DATA EXCERPT:
--------------------------------
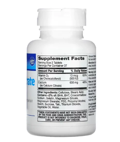 Citrato de Cálcio + D3 Máximo, 75 Comprimidos, 21st Century
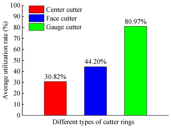- The average utilization rate of the gauge cutter was the highest (80.97%), followed by the face cutter (44.20%), and that of the center cutter was the lowest (only 30.82%).
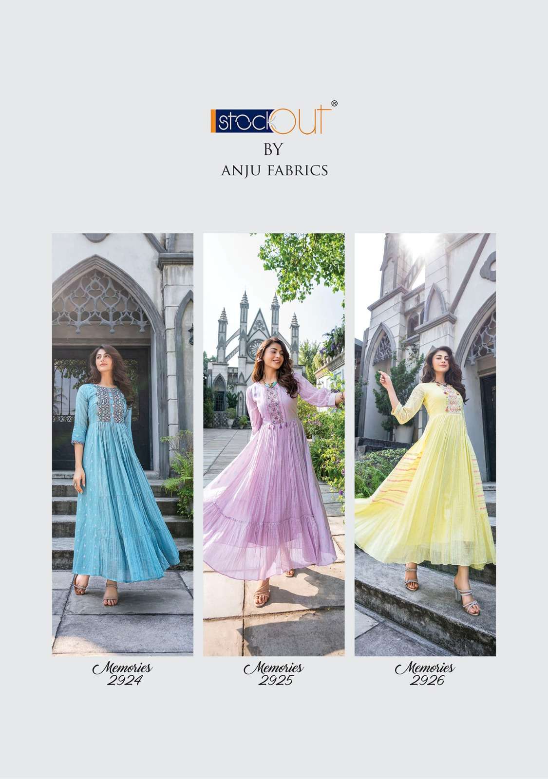 memories vol 4 by anju fab beautiful fancy work readymade long flared gowns
--------------------------------
REQUIRED ACTION: Start at the first line and set down all of the data exactly, passing over the pictures.

YOUR RESPONSE:
 Citrato de Cálcio + D3 Máximo, 75 Comprimidos, 21st Century
- The average utilization rate of the gauge cutter was the highest (80.97%), followed by the face cutter (44.20%), and that of the center cutter was the lowest (only 30.82%).
 memories vol 4 by anju fab beautiful fancy work readymade long flared gowns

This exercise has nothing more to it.